Ghrelin is called the "hunger hormone"because in previous studies people who received this hormone, became so hungry that ate significantly more than usual.
Ghrelin may act on the "pleasure centers" in the brain, forcing you to reach back for another piece of pie just because you remember how delicious was the first and as you were pleased (at least at the moment).Simply put, one of the forces that cause you to eat (and overeat — a second helping or another dessert, even if you ate) is, without a doubt, ghrelin.
The level of this hormone in the body is affected by a completely different, more complex phenomenon. However, one of the most interesting findings to date is the ability of the mind to "circle the stomach around your finger" — and this leads to a sharp decrease of ghrelin even in the absence of abundant food.
Experiment "Mind over milkshake":the study participants were given a milkshake, which was 380 calories. The bottle was attached labels of two kinds. On some labels was written that in a milkshake — as much as 620 calories and the other — that the cocktail is only 140 calories. It turned out that the physical changes and the saturation level of the participants corresponded to what was written on the label, not what was actually in the bottle.
Those who thought that drinking a milkshake with a huge amount of calories, after consuming the drink experienced a sharp drop in the level of ghrelin, while those who believed that drinking "low-calorie" cocktail, fluctuations in the level of ghrelin was not observed.
However, participants from "high-calorie" cocktail felt greater satiety — this shows that "the saturation level of the participants corresponds to no actual nutritional value of what they consume, and the indicators in which they were sure."
Thus, it appears that the mind influences the level of ghrelin is more than nutrients that you consume, and this has serious consequences!
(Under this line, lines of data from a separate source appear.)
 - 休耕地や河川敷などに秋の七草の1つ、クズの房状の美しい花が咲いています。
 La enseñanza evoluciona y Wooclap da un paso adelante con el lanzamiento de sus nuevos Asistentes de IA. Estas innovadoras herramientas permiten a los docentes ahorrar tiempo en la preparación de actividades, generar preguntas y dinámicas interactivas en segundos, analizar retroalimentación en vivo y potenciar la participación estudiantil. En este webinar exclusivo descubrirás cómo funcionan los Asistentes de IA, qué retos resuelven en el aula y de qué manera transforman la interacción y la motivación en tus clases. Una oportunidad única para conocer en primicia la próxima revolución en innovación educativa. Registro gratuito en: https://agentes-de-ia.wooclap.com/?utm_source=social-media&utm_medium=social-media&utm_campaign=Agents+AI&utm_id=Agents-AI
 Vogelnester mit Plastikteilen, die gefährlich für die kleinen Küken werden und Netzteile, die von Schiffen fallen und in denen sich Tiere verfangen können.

A simple belief that the food you just ate nutrient may, in fact, to reduce the level of hunger hormone, and this has secondary effects on metabolism starts burning just eaten calories.
The researchers explain: "the Impact of food consumption on ghrelin may be psychologically mediated, and the mind greatly determines the physiological responses to food."
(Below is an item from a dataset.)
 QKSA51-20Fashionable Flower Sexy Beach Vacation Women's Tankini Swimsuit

Why diet products don't help you lose weightThis study sheds light on another reason why diet foods so often fail to help people actually lose weight. Remember, when the participants drank the "healthy" cocktail (which was a sticker "no fat, no added sugar, low calorie"), the level of ghrelin remained relatively unchanged? This means that their bodies are not received signal about what they ate and they need to stop eating, and has not received any signal of their metabolism.
If the producers really wanted to help people to lose weight, then perhaps the label "high in fat and calories" would have a greater effect than advertising of dietary products, which is unlikely to form positive beliefs in most people.
Other studies also showed that the brain is not to cheat using the products sweet taste, but without the accompanying calories, for example, artificially sweetened. Experiments have found that sweet taste, regardless of its caloric content, enhances your appetite and causes the effect of insulin release.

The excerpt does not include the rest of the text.